How cancer, often considered a
‘death sentence’, can be beaten back – not by individual patients but by
Pakistani society it is known as the number one cause of death in Pakistan. An
unacceptably large number of men and women die from cancer each year: especially
the deadly varieties of colon, prostate, lung and breast cancer. When all these
various types of cancer are put together, the numbers are indeed unsettling. But
a cancer diagnosis does not have to be an automatic death sentence.

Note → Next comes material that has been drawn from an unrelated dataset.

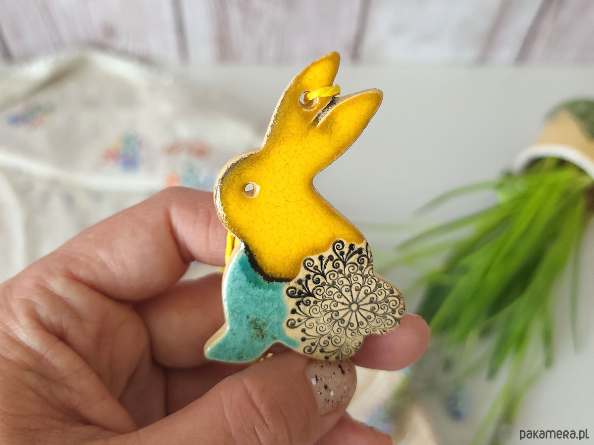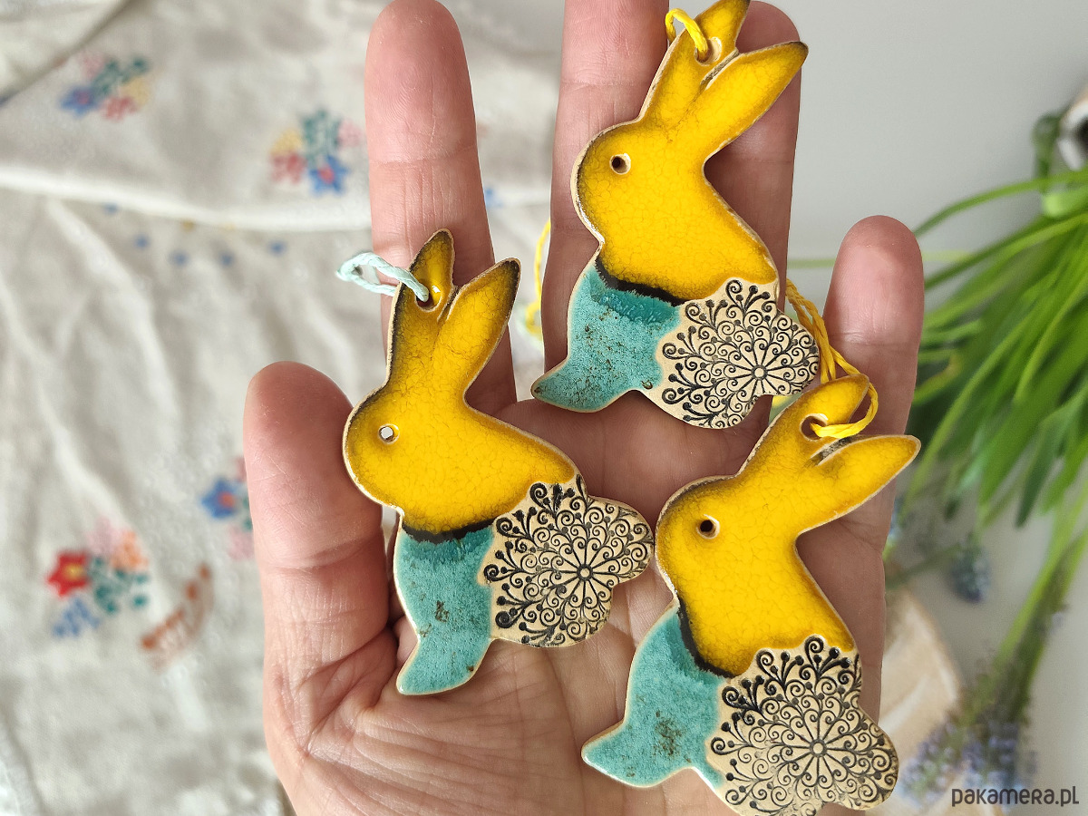 Zające wielkanocne z ceramiki - dekoracje wiszące

Medical professionals can never emphasize enough that cancer is treatable: if on
the one hand the illness is caught at an early stage, and on the other, the
relatives of the patient – and society at large – behave positively. I have
found that cancer treatment is far from an individual exercise. The community
around a patient can fulfill one of the basic psychological needs for survival:
a sense of belonging. Feeling needed and wanted by society can motivate cancer
patients to persist and to struggle for life. And without a doubt, it affects
their mental health very positively during an otherwise intensely difficult
time.
Pakistani children are particularly vulnerable to the neglect of cancer patients
by state and society. My medical practice and visits have taken me to
comparatively remote parts of Pakistan. I have seen the struggles of cancer
patients up close, especially in Bajaur, Charsadda,Swabi and Mardan. I have
noticed that cancer patients are often in a miserable condition just due to a
lack of hope. And this comes from the lack of social support from their
relatives and the community at large. As a pediatrician I have also seen so many
heartbreaking cases of leukemia, brain and renal cancer in infants – where the
child's suffering is compounded by parents struggling without any kind of active
and systematic support from society. So, in my view, it is of the utmost
importance to organize social and community groups to support cancer patients
and their families. In my view, these groups should work in the form of teams
for the betterment of cancer patients. For a properly organized effort, it would
be important to engage doctors, oncologists, psychologists, nutritionists,
philanthropists and the local public.
The World Health Organization (WHO) states that there are four key components to
cancer control: prevention, early detection, diagnosis, and treatment or
palliation. Developing countries, especially Pakistan, are facing major
challenges in each of these four areas. As we know, cancer incidence and
mortality varies significantly between developed, developing and under-developed
areas within Pakistan. Public healthcare systems in Pakistan have focused more
on controlling the spread of infectious diseases However, a key challenge when
attempting to define the scale of the problem of cancer control in Pakistan is
the lack of reliable statistics. In this situation, formation of social support
groups will be much more fruitful to collect correct data about cancer patients
from all areas of the society.
A complex group of diseases like cancer necessarily has to be tackled on
multiple fronts by multiple partners. We need to begin with the realization that
problem of cancer in the developing world is so huge that is difficult to find
the right way to even measure it. From a public health perspective, the
complexity of cancer control increased enormously following the shift of the
disease burden from wealthy to less affluent countries in the world, and from
relatively developed areas of Pakistan to under-developed areas. According to
the latest WHO statistics, cancer causes around 7.9 million deaths worldwide
each year. Of these deaths, around 70% – that means 5.5 million – are now
occurring in the developing world. A disease once associated with affluence now
places its heaviest burden on the poor and disadvantaged populations of the
world.
The factors that make cancer such a killer in poorer communities can only be
addressed more effectively with the help and active participation of social and
community support groups.On average, 70% of cancer patients in the rural areas
of Pakistan, especially in Bajaur,North and West Waziristan, rural areas of KP,
South Punjab, interior Sindh and Baluchistan are diagnosed at a very late stage
of the illness – when treatment is no longer effective. The only possible
intervention is palliative care, including pain relief. Even this intervention
fails to reach more than 50% of the terminally ill cancer patients every year in
Pakistan. We can also measure the problem in terms of an almost total lack of
response capacity in the rural, under-developed and densely populated areas of
Pakistan. Here we find a lack ofcapacity for prevention, public education,
screening, early detection, diagnosis and treatment. In fact, treatment is often
closed off to the poor, whether involving surgery, radiotherapy or chemotherapy.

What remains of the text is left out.